Leveraging the unique properties of copper radionuclides in combination with tumour-specific molecules to maximise precision, performance and accessibility of targeted radiotherapy and diagnostics

Optimizing Radiopharmaceuticals to Fight Cancer

Our proprietary CuTrace™ platform utilises the unique properties of copper radionuclides in combination with tumour-specific molecules to create therapeutic and diagnostic pairs with an improved safety and efficacy profile, favourable economics and a wide distribution radius.

How Do Our Radiopharmaceuticals Work?

We combine precise cancer-targeting molecules with either a diagnostic radionuclide (61Cu) or a therapeutic radionuclide (67Cu) to create highly safe and effective diagnostic and therapeutic pairs (theranostics) for a range of cancer indications with high medical need.
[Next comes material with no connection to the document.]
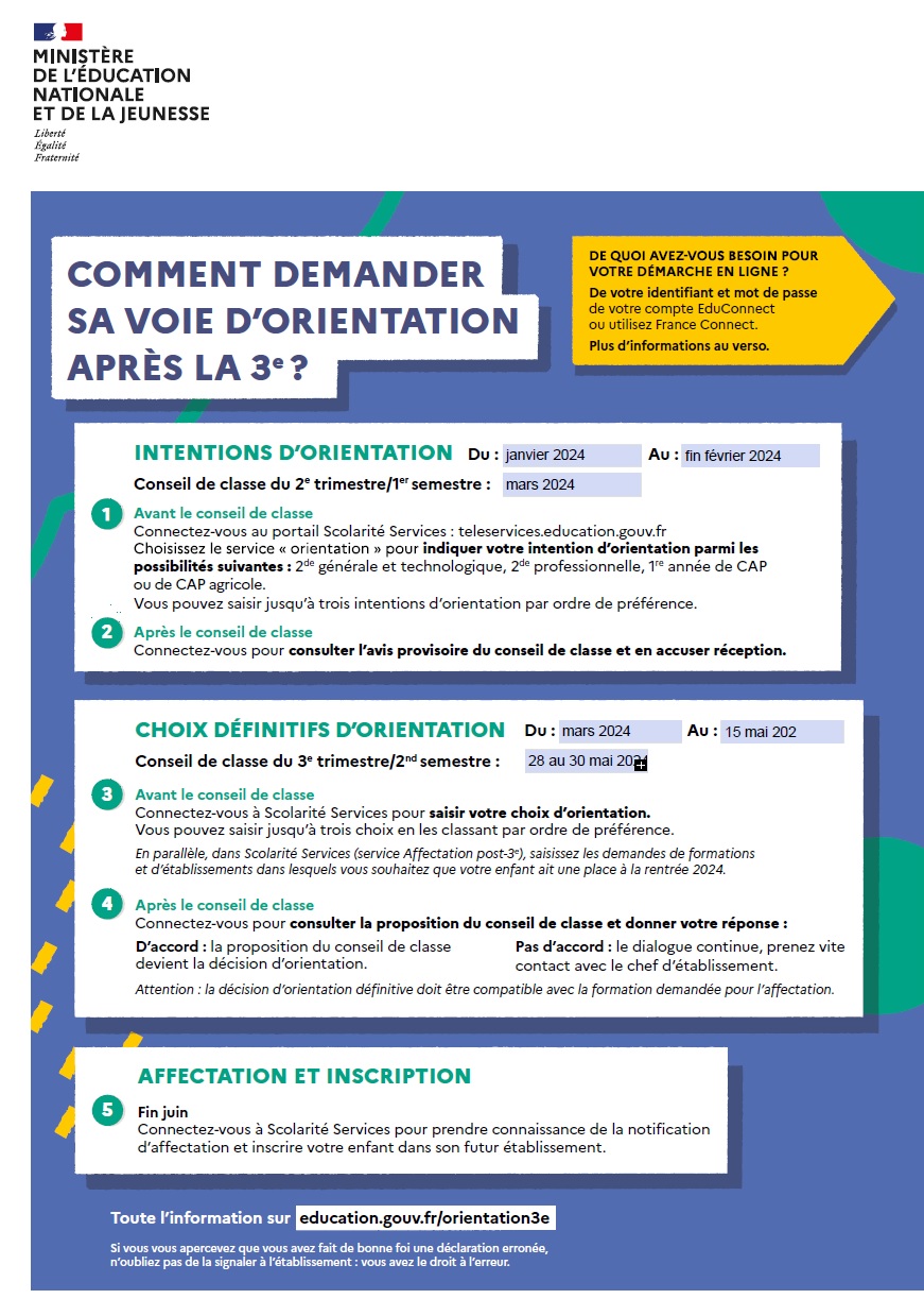 Dans le cadre de l'orientation après la 3ème, vous trouverez des documents ressources ci-joints. Vous pouvez d'ores et déjà parcourir ces documents qui seront expliqués lors de notre réunion d'orientation du mardi 16 Janvier 2024 ou cliquez ici

  • Targeted Radiotheranostics: Radionuclide, linker and ligand
  • Radionuclide – a copper radiometal positron emitter with the radiation either responsible for the image in a PET scan (diagnostic, 61Cu) or the destruction of tumour cells (therapeutic, 67Cu)
  • Linker – binds the radionuclide to the ligand
  • Ligand – binds selectively to tumour-specific surface proteins

Our Copper Radionuclides

In a Therapeutic

- Higher dose can be absorbed per tumor volume

- Production without long-lived impurities

- Improved safety profile due to lower radiation burden

In a Diagnostic

- Ideal for PET scanning at delayed time points,
increasing the detection rate

- Patients risk is reduced due to the low radiation burden
and high imaging quality

What is the difference between a diagnostic and a therapeutic radionuclide?

Diagnostic and therapeutic radionuclides each must possess certain radiochemical properties to perform their specific function, render a patient’s tumour visible (PET imaging), or destroy the tumour cells via their emitted radiation, respectively. Critical factors are their half-life (time until a radionuclide has lost half of its radioactivity via radioactive decay) and the type, energy and radius of their emitted radiation.

Radionuclides used for diagnosis must emit sufficient radiation energy to escape from the body to enable a reliable and precise localisation of the tumour via specific imaging technologies like PET. At the same time, they must have a half-life short enough for them to decay soon after imaging is completed to keep the radiation burden for the patient as low as possible.

For therapeutic purposes, radionuclides need to emit enough radiation energy to induce destruction of the tumor cells. Their emission radius is usually smaller to ensure that mainly the tumor cells and not the surrounding healthy tissue is affected. Therefore, diagnostic radionuclides usually have a shorter half-life, lower radiation energy and larger emission radius compared to therapeutic radionuclides.

Manufacturing & Supply Chain

A reliable production and supply network is key to delivering transformational radiopharmaceutical products to patients globally. That is why we have focused from the beginning on securing these core pillars of our business to maximize the accessibility of our products. With this approach we can address the main challenges in manufacturing and supply that are currently limiting the targeted radiotherapy and diagnosis to reach its full potential.

Key benefits include:

Low-cost and easily accessible raw materials

Reduced radioactive waste burden

No nuclear reactor needed

Short production time, lower equipment needs

Increased distribution radius

Our global supply network

We are establishing an extensive production and supply network in key locations in the EU and North America thereby bringing greater flexibility to medical facilities. We are continuously expanding this network to provide cancer patients worldwide with our unique copper-based radiopharmaceuticals.